I. Securities investment funds and stocks

Securities investment fund is a kind of investment income certificate. A joint stock limited company issues shares to investors when raising capital.

Stock. There is an essential difference between the two.

1, reflecting different relationships. Stocks reflect ownership relations, while securities investment funds reflect trust relations.

2. Different operational inputs. Stock is a financing tool, and the funds raised are mainly invested in industry, which is a direct investment method.

. Securities investment fund is a kind of trust tool, and its raised funds are mainly invested in securities, which is an indirect investment method.

3. Risks and benefits are different. The return of stock is uncertain, and its return depends on the operating efficiency of the issuing company.

Investing in stocks is risky. Securities investment funds adopt portfolio investment, which can spread risks to a certain extent.

Less than stocks, and the income is more stable than stocks.

4. Different ways of investment recovery.

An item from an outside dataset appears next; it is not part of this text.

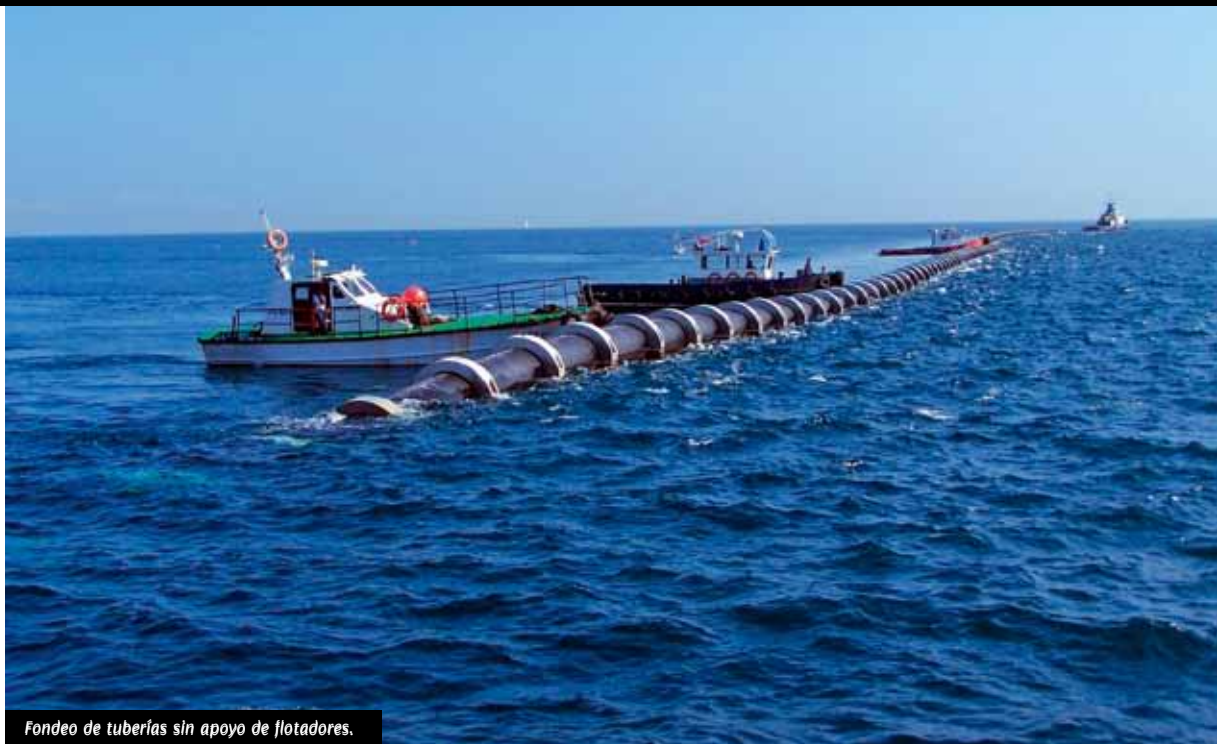
Fondeo de tuberías sin apoyo de flotadores.

Para tuberías de diámetros pequeños (1600 mm e inferiores), se ha recomendado históricamente, el fondeo controlado por inundación progresiva de la tubería. Este sistema constructivo consiste en la fabricación de tramos de tubería en tierra (en una zona que puede estar alejada de la ubicación definitiva del tubo), su traslado flotando hasta destino y su hundimiento controlado, mediante el llenado con agua del interior de la tubería, lo cual da lugar al descenso hacia el fondo del mar de la parte inundada, generándose la característica "S".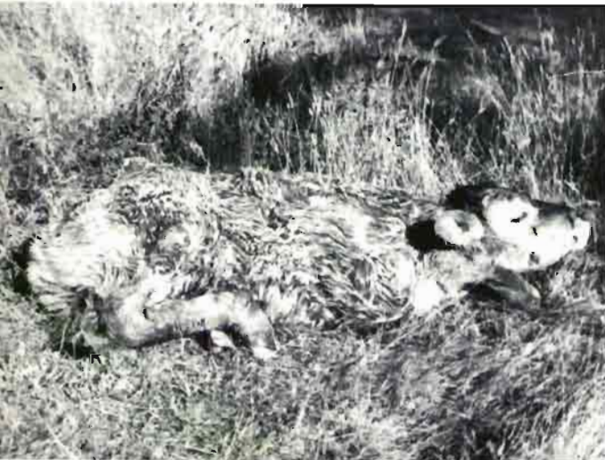
Fig. 7.—Ternero afectado por «músculo blanco».

Es muy conveniente proteger a los animales de la humedad y de los cambios bruscos de temperatura. Debe ponerse especial atención en los transportes, vacunaciones colectivas, maniobras que puedan representar un «stress» especialmente para los animales hipersensibles.

There is no expiration date for stocks, and stock investors cannot ask for withdrawal. If investors want to change,

Now, it can only be sold in the secondary market. Investors of open-end funds can redeem their fund shares according to their net assets and close them.

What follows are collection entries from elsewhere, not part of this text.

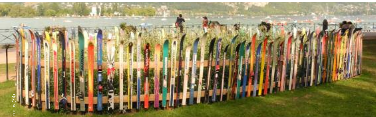
ville d'annecy (74)

A la fin de chaque saison, les professionnels des sports d'hiver renouvellent environ 30% de leur parc de location pour maintenir le niveau de qualité du matériel proposé aux clients. Ils font preuve d'ingéniosité pour que ce matériel usagé soit valorisé le mieux possible et idéalement recyclé.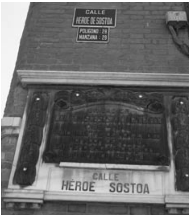
Placa conmemorativa y rótulo de la calle.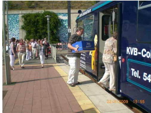
..... Die Verpflegung muss mit hinein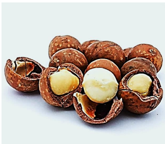
Рисунок 7 – Орехи макадамии

В 100 г орехов содержится 740 ккал обменной энергии и различные витамины группы В, а также кальций, калий, марганец, железо, магний, цинк и фосфор (рисунок 7). Орехи после прожаривания обычно используются в натуральном виде, выпечке и десертах.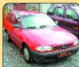
Opel Astra Caravan 1.7 TD, r. v. 1996, 97 tis. km, airbag, posil. řízení, tažné. Cena: 129 000 Kč.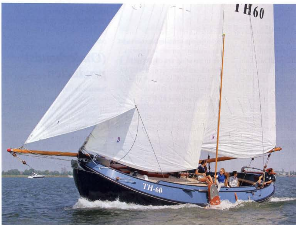
links: Kenmerk van Van Duivendijk die uiteraard zelf rondhouten maakt: de rood gelakte afgeronde top van boegspriet en giek. Het Delta anker voor de steven is nodig vanwege de 'Zeeuwse harde grond'

te snijden, iets wat de dampdichtheid ten goede komt. 'Die isolatie scheelt natuurlijk enorm, zowel bij koudere alsook warmere temperaturen.'

Investors of fund funds are not allowed to redeem fund shares during the duration of the fund. If they want to realize it, they can only do it on the exchange or over the counter.

It is sold in the market, but investors can get a discount on the investment principal when it expires.

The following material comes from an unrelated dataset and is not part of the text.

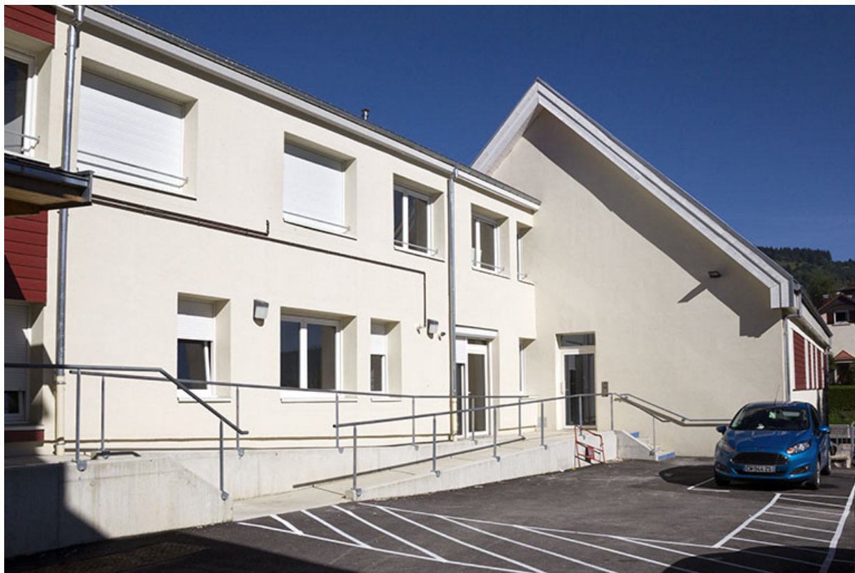
Usine : deuxième et troisième corps de bâtiment.

Two. Securities investment funds and bonds

Bonds are issued directly to investors by the government, financial institutions, industrial and commercial enterprises and other institutions, and they promise to pay at a certain interest rate.

Creditor's rights and debt certificates that pay interest and repay the principal according to the agreed conditions. The differences between securities investment funds and bonds are as follows.

Aspects:

1, reflecting different relationships. Bonds reflect the relationship between creditor's rights and debts, while securities investment funds reflect the trust relationship.

As a shareholder's equity certificate, stocks can enjoy irregular dividends. Of course, at present, it can mainly be transferred at a premium and cannot be returned. As a loan certificate, bonds can be repaid with fixed interest within a specified period, and of course they can also be transferred as transaction collateral; There are also bonds that can be converted into stocks; A fund means that you give cash to people or organizations that you trust to take care of, and let experts help you make money. If you earn more, you can return the money with interest. The fund mainly invests in capital markets such as stock market and futures. Stocks and funds do not guarantee capital preservation and profit. If losses occur, bonds have a fixed interest rate, but it is not high. In the case of bankruptcy, they can only participate in the lowest distribution.